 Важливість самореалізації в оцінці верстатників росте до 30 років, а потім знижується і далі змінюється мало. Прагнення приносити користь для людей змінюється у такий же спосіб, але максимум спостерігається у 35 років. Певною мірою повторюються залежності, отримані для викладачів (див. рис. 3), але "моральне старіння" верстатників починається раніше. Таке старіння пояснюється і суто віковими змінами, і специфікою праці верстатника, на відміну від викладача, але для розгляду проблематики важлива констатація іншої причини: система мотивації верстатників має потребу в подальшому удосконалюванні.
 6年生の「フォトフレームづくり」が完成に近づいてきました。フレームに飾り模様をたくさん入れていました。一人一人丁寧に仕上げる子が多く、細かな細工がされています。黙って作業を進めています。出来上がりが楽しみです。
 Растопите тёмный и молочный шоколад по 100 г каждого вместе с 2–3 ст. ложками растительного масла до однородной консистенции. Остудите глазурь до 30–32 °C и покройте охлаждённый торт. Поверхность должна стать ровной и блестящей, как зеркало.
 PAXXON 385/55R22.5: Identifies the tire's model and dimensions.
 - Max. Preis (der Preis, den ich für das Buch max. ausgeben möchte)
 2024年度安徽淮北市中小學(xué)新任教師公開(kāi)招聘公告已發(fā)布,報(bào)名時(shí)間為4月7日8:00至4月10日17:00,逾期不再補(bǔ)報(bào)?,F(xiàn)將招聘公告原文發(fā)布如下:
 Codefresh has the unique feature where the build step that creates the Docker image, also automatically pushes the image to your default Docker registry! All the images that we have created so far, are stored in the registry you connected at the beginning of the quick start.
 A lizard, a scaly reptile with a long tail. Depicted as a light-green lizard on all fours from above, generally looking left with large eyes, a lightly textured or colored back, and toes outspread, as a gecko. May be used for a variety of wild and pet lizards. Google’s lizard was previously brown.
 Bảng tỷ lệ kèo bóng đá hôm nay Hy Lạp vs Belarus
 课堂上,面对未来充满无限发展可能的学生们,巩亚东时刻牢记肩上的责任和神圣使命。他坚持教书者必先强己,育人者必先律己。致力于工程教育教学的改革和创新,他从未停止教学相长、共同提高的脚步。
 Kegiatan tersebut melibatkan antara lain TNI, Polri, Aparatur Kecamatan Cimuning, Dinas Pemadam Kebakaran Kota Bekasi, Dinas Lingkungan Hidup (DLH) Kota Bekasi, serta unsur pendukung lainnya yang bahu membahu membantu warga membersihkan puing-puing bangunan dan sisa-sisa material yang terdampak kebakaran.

____

What needs to be done -> Of the entries above, repeat exactly the lines between the line with "Растопите тёмный и" and the line with "2024年度安徽淮北市中小學", inclusive, and no others.

Answer for this exercise ->
 Растопите тёмный и молочный шоколад по 100 г каждого вместе с 2–3 ст. ложками растительного масла до однородной консистенции. Остудите глазурь до 30–32 °C и покройте охлаждённый торт. Поверхность должна стать ровной и блестящей, как зеркало.
 PAXXON 385/55R22.5: Identifies the tire's model and dimensions.
 - Max. Preis (der Preis, den ich für das Buch max. ausgeben möchte)
 2024年度安徽淮北市中小學(xué)新任教師公開(kāi)招聘公告已發(fā)布,報(bào)名時(shí)間為4月7日8:00至4月10日17:00,逾期不再補(bǔ)報(bào)?,F(xiàn)將招聘公告原文發(fā)布如下:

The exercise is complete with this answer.